This week I attended an excellent conference in parliament which examined the effect of pornography on the adolescent brain.
Biopsychologist Dr William Struthers presented the latest research on brain development and outlined how early exposure to sexually explicit material affects development, attitudes and behaviour.
We learned that the arousal and reward areas of the brain develop before the area which governs context which means that early exposure to pornography exploits the developmentally compromised brain.
It is, quite literally, a violation of the childhood mind.
It is also a violation of the concept of consent; for over 80% of young people their first exposure to pornography is unintentional and memories of these first exposures are usually vivid and typically have negative emotional associations.

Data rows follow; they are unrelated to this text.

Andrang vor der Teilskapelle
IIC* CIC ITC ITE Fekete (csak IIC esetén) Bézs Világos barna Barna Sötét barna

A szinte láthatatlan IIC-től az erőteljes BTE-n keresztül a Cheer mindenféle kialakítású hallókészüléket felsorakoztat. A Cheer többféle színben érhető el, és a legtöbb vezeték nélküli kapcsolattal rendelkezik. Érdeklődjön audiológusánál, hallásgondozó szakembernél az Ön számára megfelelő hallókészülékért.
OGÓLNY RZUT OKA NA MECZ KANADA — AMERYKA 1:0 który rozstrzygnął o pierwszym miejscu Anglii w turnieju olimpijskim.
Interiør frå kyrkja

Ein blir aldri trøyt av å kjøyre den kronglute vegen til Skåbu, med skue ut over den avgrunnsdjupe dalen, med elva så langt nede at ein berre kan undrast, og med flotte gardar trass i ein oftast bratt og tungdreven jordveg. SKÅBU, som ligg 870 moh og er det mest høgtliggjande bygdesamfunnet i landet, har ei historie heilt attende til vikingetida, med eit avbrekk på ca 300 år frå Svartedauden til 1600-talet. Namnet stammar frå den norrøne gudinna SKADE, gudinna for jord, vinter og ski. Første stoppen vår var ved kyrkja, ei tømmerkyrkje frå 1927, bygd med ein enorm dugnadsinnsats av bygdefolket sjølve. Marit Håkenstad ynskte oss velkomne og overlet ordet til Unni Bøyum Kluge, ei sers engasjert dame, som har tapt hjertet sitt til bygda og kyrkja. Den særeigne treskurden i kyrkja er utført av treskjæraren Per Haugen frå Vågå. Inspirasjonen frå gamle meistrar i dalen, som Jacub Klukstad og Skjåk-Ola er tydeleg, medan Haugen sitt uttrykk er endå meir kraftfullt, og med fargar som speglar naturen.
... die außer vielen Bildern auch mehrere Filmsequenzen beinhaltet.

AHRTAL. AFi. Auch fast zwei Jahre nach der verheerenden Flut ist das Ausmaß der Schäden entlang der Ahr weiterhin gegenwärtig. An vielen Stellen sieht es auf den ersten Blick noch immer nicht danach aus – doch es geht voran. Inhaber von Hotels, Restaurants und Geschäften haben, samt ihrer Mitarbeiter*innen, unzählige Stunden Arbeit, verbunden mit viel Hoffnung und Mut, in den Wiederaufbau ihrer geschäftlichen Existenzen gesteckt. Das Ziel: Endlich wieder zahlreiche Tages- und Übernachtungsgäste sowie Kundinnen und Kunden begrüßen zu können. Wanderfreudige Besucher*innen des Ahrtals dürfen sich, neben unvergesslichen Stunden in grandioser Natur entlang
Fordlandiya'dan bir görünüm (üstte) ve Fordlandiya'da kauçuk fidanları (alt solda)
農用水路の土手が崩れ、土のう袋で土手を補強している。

Children’s access to pornography is, in effect, an on-going experiment. However, the latest research shows that the greater the exposure to sexually explicit material the greater likelihood of developing poor self confidence, depression, social isolation and maladjustment and decreased bonding with parents and caregivers.

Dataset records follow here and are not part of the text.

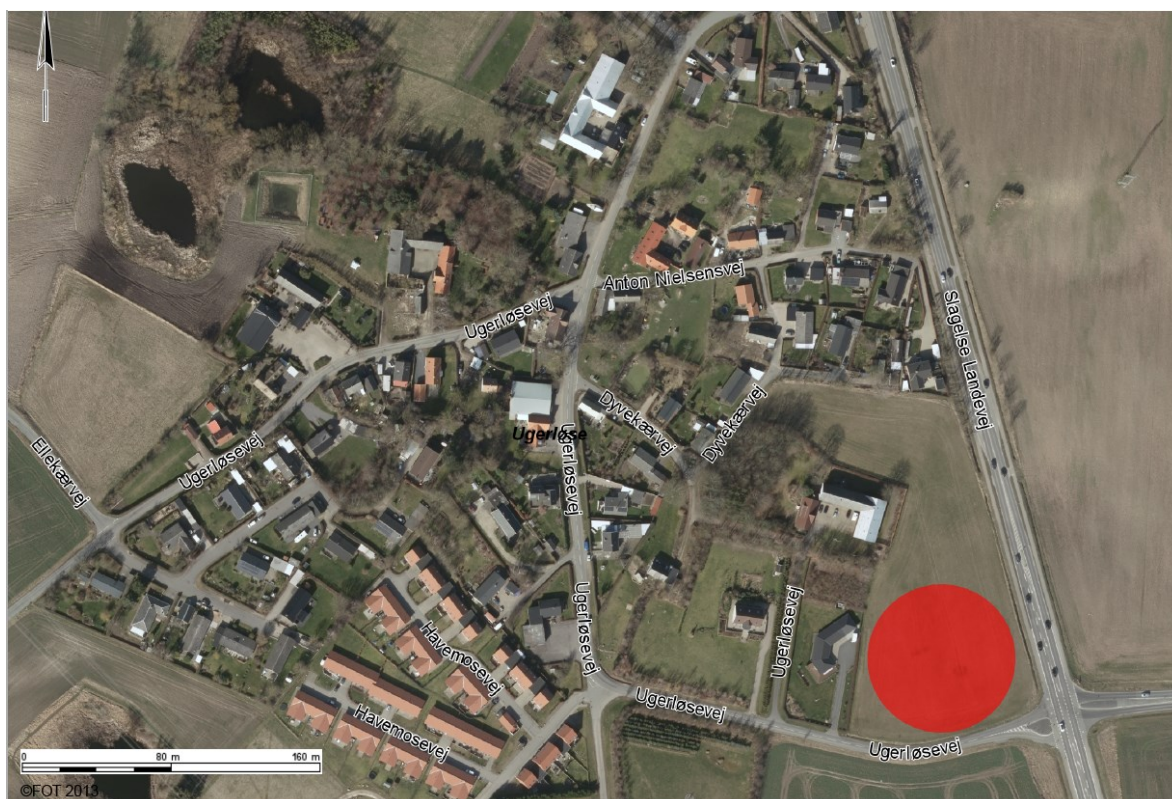
Luffoto over Ugerløse, der viser det omtrentlige projektområde (rød cirkel).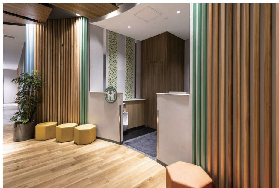
キッズトイレ 入り口まわり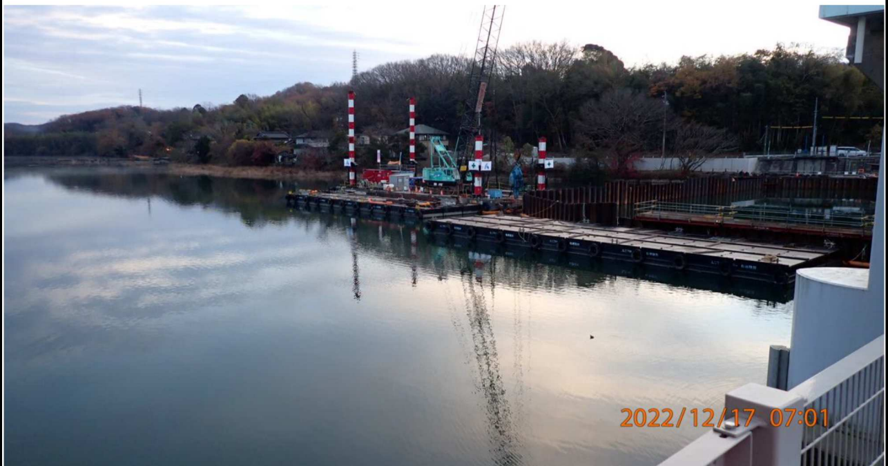
水源橋付近の様子（10） 水源橋中央付近より左岸を撮影。工事の様子が見える。

It is quite clear that the huge benefits of the technological revolution have come at a cost. We have to find a solution in order to protect generations to come.

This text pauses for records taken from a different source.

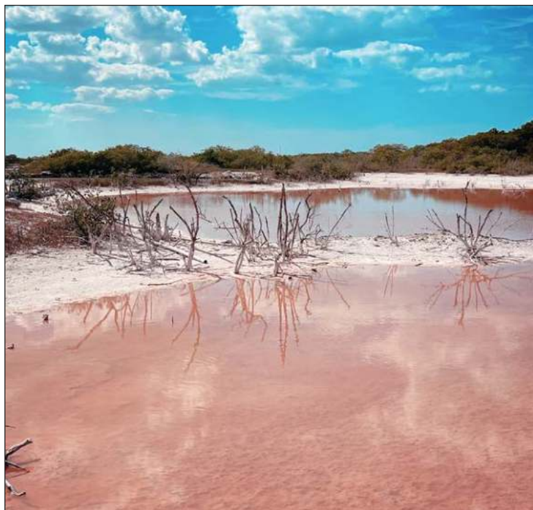
▲ "Las que nos tocan aquí cerca como las ya mencionadas Coloradas o las de Xtampú, ubicadas entre Telchac y Dzemul y que coinciden con el asentamiento arqueológico de Xcambó". En la imagen, salinas de Xtampú, Yucatán.

PERO QUÉ CREEN, la sal no solo estuvo vinculada a la economía y a los asentamientos. También tiene un protagónico dentro de la magia, la hechicería, la pre-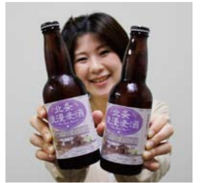
▲列車の色である紫を基調としたラベル

ラベルは、市内アマチュア画家が描いた旧北条町駅舎の水彩画を配して、大正ロマンが感じられるようなデザインです。良質のアロマホップを使用し、飲みやすくスッキリとした味わいで、ホップの程良い香りも感じられる仕上がりになっています。6本セット2,700円(北条鉄道ホームページ http://www.hojorailway.jp/ )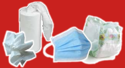
Masques, Essuie-tout, Lingettes Mouchoirs et serviettes en papier, Protections hygiéniques, Couches

This week Google’s head of UK public policy has rejected the proposals to block porn as default unless specifically requested by adults. She said the answer was greater education for parents.
She is quite right that there is clearly a great need to inform parents how harmful some internet content can be and to show them how best to protect their children. However, Ofcom’s research shows us that almost half of parents do not currently use a filter for websites which means that millions of children remain at risk from potentially harmful online content. We must act now in order to protect them.
Google makes a huge amount of money from online pornography – their head of public policy said that she had ‘no idea’ exactly how much - so it is hardly surprising that they should resist measures to restrict access to it.
Why should the internet industry uniquely rest outside regulation? Protecting children must be our first priority.